И вот тогда я поняла: он решил. Не потому что уверен. А потому что не может иначе.
***
Он забрал её в тот же вечер.
Я узнала это только утром – вышла к подъезду, а ступень пустая. След от собачьего тела на снегу – вмятина, уже присыпанная. И миски нет – той самой, эмалированной, с синей каймой и отколотым краем.
На следующий день я поднялась к нему. Постучала. Он открыл, и из-за его ноги выглянула морда – рыжая, с жёлтыми глазами. Хвост дрогнул.

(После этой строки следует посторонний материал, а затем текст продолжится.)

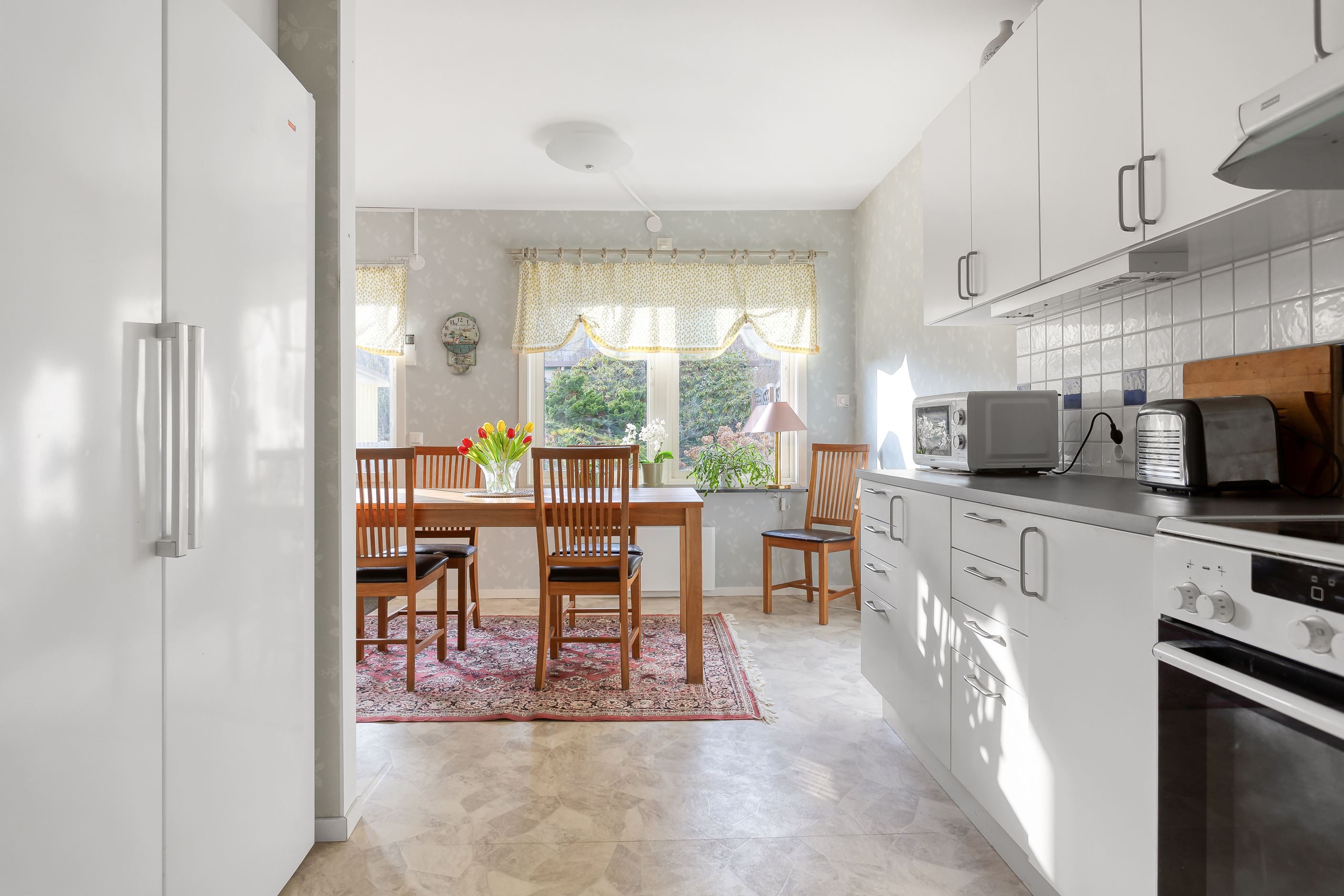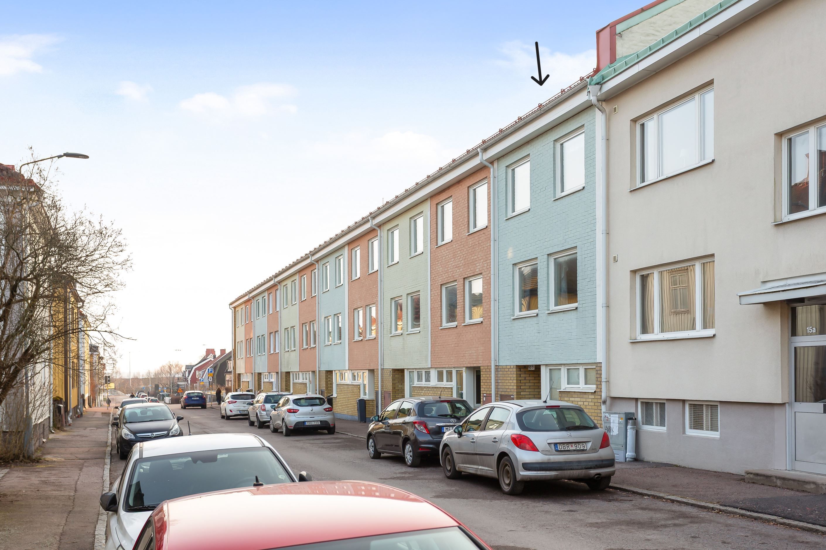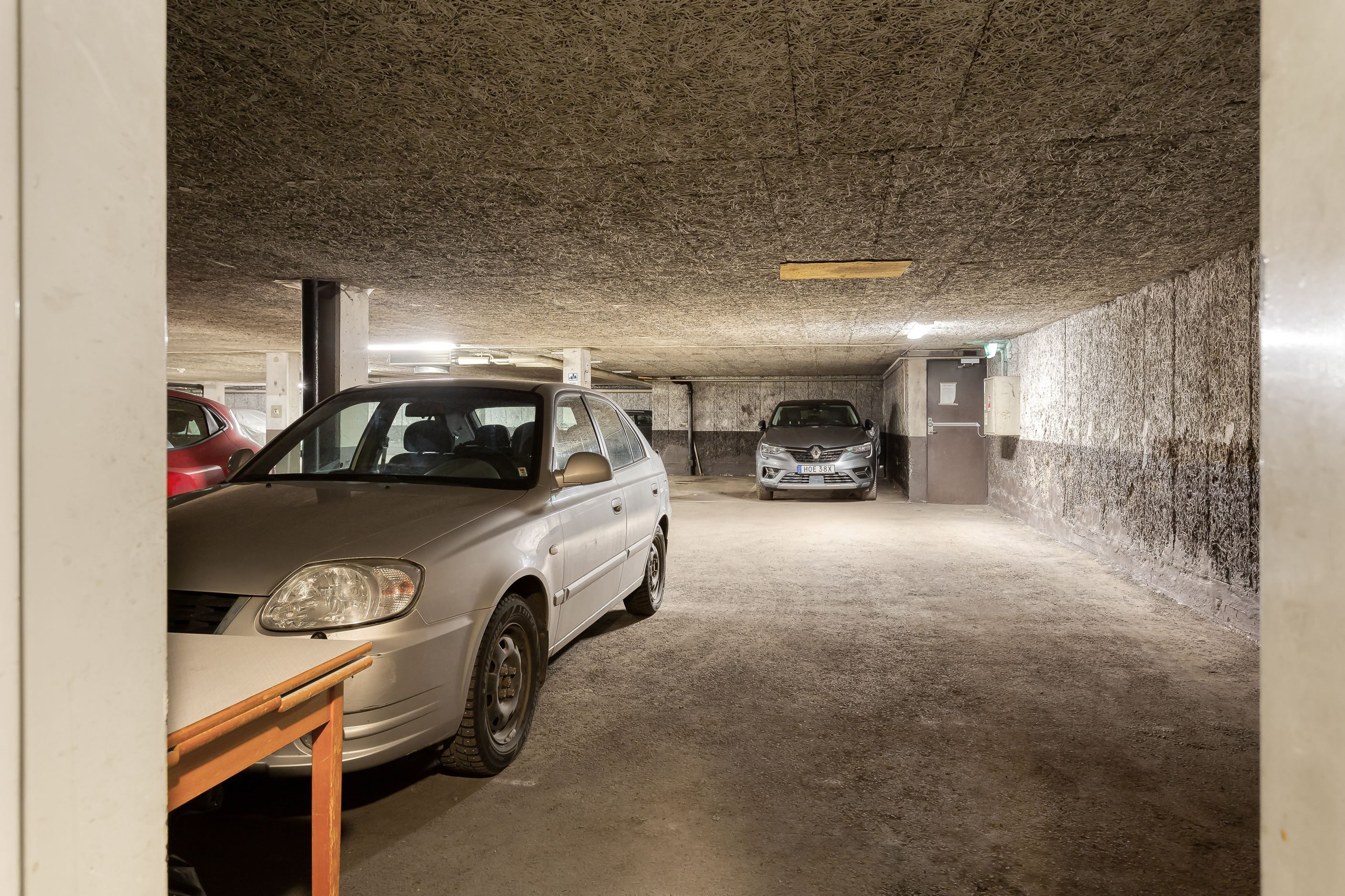 Bostaden sträcker sig över tre våningar där entréplanet välkomnar med en generös entré mot gatan. Från entréplan nås även garaget och de två tillhörande parkeringsplatserna, en genomtänkt lösning som gör vardagen smidig och bekväm.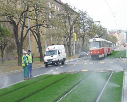 vpředu ještě stříká voda, vzadu už syčí vzduch... |
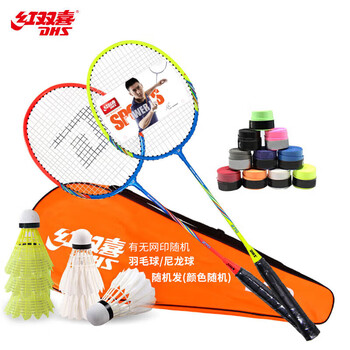 红双喜DHS羽毛球拍对拍2支装实惠训练双拍270炫彩色含手胶羽毛球

– Я повязку посмотрю, – сказала я.
Тимофей Ильич впустил меня. И я впервые оказалась в его квартире.
Чисто. Очень чисто – не стерильно, а по-старому, основательно. Занавески выглаженные, пол вымыт, на подоконнике – фиалка в горшке. Но при этом пусто. Не в смысле мебели – мебель была. А в смысле жизни. Как музей, в который пускают, но ничего трогать нельзя.
Собака лежала на кухне, у батареи, на старом одеяле. Рядом – миска с водой. Та самая. Я присела, осмотрела повязку. Порез затягивался. Собака лизнула мне запястье.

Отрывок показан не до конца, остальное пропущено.